丁長生到了省公司董事會家屬院時,看到梁文祥家的門前停著一輛白山牌照的奧迪車,一眼就認出來是司南下的車,再加上自己聽仲華說了司南下的事,心想,這動作還真是快,這麼快就開始動手了。
「進來吧」。梁可意開的門,但是客廳裡坐著的人可不止司南下和梁文祥兩個人,還有林春曉。
「都是老熟人」。丁長生裝作若無其事的樣子,說道。
三人看著他,他有些不好意思的說道:「我是不是來早了,要不,我待會再來」。
梁文祥朝他擺擺手,說道:「過來坐吧,都不是外人,你對他們比對我還熟悉吧,客氣什麼」。
梁文祥面色柔和,可是這看起來柔和的臉,不知道什麼時候就會翻臉不認人,也許司南下現在還沒意識到這個問題吧。
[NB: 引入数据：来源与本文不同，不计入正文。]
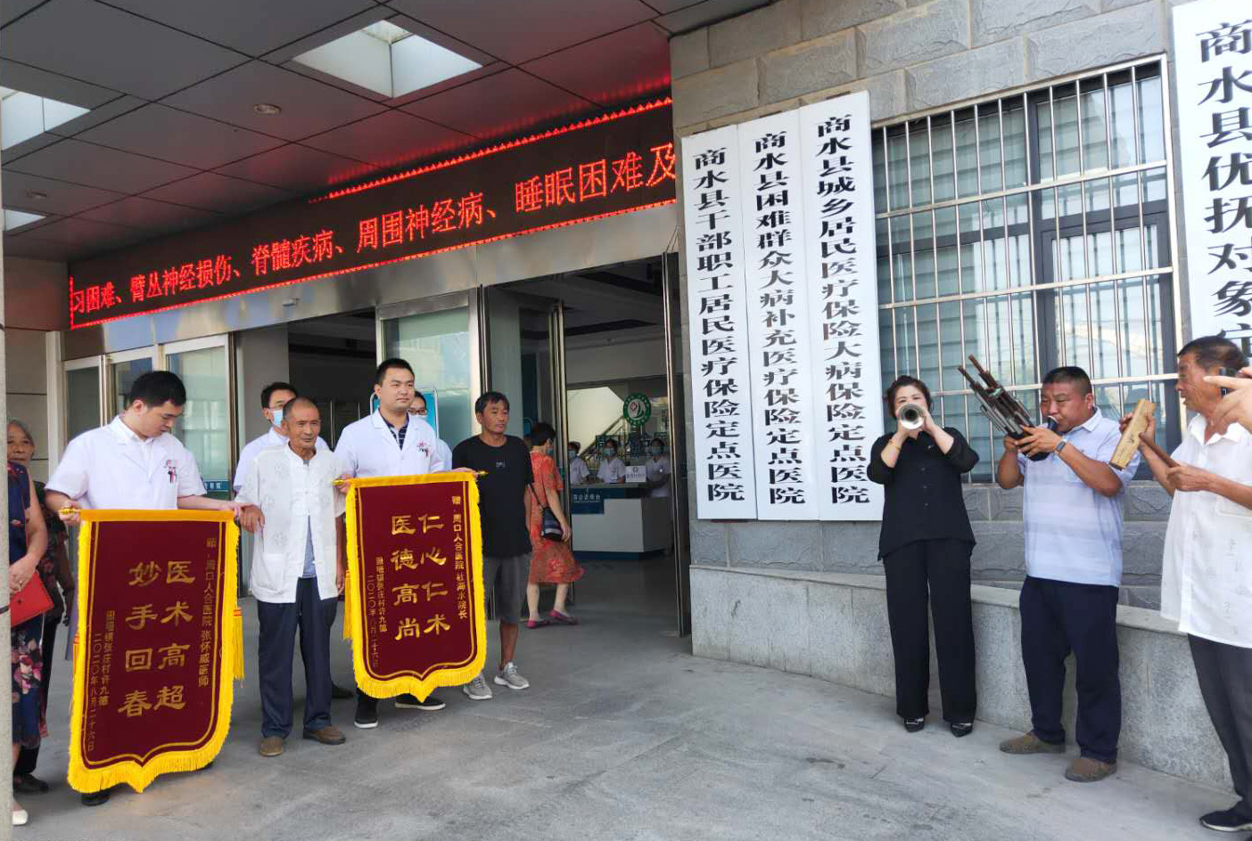 “醫(yī)術(shù)醫(yī)風醫(yī)德好,俺給好醫(yī)生送錦旗”,歡快高昂的嗩吶聲響徹周口人合醫(yī)院急診部門前,嗩吶手以歡快的音樂表達著感激的話語,8月27日上午10時,來自商水縣固墻鎮(zhèn)張莊村的許九德老人帶著家人和一班嗩吶手,來到周口人合醫(yī)院送來錦旗,以農(nóng)民最樸實的方式表達自己的謝意。

「他們來多久了?」在走過去的這個空隙,丁長生小聲問梁可意道。
「也是剛剛到」。
剛剛到,那就是可能還沒說什麼正經事呢,再看司南下和林春曉的臉色如常,這就很明顯印證了丁長生的想法,確實是沒開始呢。
「我剛剛從燕京回來,我的工作要動一動了,在我走之前,我最放心不下的是白山,也就是你們這個領導隊伍,可以說,白山在你們倆的努力下,起色很大,這是成績,但是不能否認的是,也有瑕疵,給了人藉口,所以賴在白山不走,南下同志,對這事,你有什麼打算嗎?」梁文祥問道。
梁可意給每人送上來一杯茶,此時沒有丁長生什麼事,所以,丁長生端著茶杯吹著茶杯裡浮起來的茶葉,想找一個下嘴的地方,但是耳朵卻一直都聽著司南下說什麼。
「梁主席,我想過了,也知道問題的癥結在哪裡,所以,我思來想去,既不想給領導添麻煩,也不想給工委會找麻煩,我辭職吧,辭去一切職務,也不想找個地方過度了,沒多大意義,提早離開崗位,對大家都好」。司南下說道。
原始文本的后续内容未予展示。